Following Joseph Rouse, practices can be defined as ‘complex relations of mutual interaction’, as patterns of interaction that ‘constitute something at issue and at stake in their outcome’ (Rouse 2007: 50). Practices are ‘complex patterns of mutual responsiveness’ (Rouse 2007: 52) that relate individuals within constellations of actors to one another. 6

In the above-cited quote, Berger and Luckmann discuss different ‘forms of relating to the other’ (Berger and Luckmann 1967: 29). Communicative practices that relate not only participants of an interaction in general, but also their individual positions or individually articulated contributory acts, can be characterized as—to use a term from family sociology—‘practices of relatedness’ (Jallinoja and Widmer 2011). Within figurations of political decision-making, these communicative practices produce elements of stability, mutuality and responsiveness. Mutual acts of securing and reassuring are necessary in order to add to the creation of a ‘We’-perspective in the ongoing decision-making process and, therefore, are necessary in order to create a situation in which the group as a whole is willing and able to produce a joint decision.

In the context of a micro-analysis of real committee meetings, we identified various patterns or sequences of interaction that can be characterized as practices of relatedness in this sense. The following four examples are micro-elements of interaction that can be observed on a regular basis within figurations of political decision-making, examples being working group meetings, briefings and committee meetings:

  • Practices of translation.

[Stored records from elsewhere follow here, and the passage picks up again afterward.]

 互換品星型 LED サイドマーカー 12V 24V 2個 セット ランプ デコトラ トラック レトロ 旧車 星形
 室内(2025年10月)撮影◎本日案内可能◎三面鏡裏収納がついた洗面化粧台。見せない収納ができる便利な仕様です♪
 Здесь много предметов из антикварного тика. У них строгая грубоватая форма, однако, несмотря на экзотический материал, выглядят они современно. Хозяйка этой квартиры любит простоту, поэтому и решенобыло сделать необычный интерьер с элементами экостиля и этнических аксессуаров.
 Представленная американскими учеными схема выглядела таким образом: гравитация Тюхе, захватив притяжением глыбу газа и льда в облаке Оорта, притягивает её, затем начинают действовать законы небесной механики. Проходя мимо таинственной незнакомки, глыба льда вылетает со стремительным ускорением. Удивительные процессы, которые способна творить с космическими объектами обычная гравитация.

Practices of translation can be identified as sequences in which participants in political face-to-face interactions try to integrate their different background assumptions and webs of meaning into a unified and harmonized use of concepts. These practices may not ensure that all participants talk about ‘the exact same thing’ when they talk about something, but since participants start using the same words in order to characterize what they are talking about, these practices promote the successful progression of the decision process.

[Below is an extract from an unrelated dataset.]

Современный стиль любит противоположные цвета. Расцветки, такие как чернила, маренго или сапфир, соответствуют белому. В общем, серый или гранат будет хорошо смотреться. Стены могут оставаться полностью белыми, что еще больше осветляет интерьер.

  • Practices of repair. Practices of repair can be identified as micro-interventions during sequences of conflict, misunderstanding or disagreement. These practices have the function of putting the respective interaction back on the right track. Practices of repair are usually performed by a third participant who intervenes in cases where the progress of a two-person conversation/dialogue is impeded by a misunderstanding or disagreement. 7 These practices are often based on non-verbal communication such as gestures and eye contact.

  • Practices of renarration. Practices of renarration are sequences in which the participants of a meeting renarrate a proposal that has already been made from their own perspective. By telling a slightly different version of the story from their own perspective, actors seem to be able to integrate the proposed decision into their own, differing, background assumptions. In addition, the multiple—although revised—repetitions of the suggested solution seem to add substance to the idea of a joint solution that the actors as a group can adopt as their decision. Through their non-verbal behaviour, participants signalize the growing coherence of the group, their increasing approval of the story that is told again and again in slight variations.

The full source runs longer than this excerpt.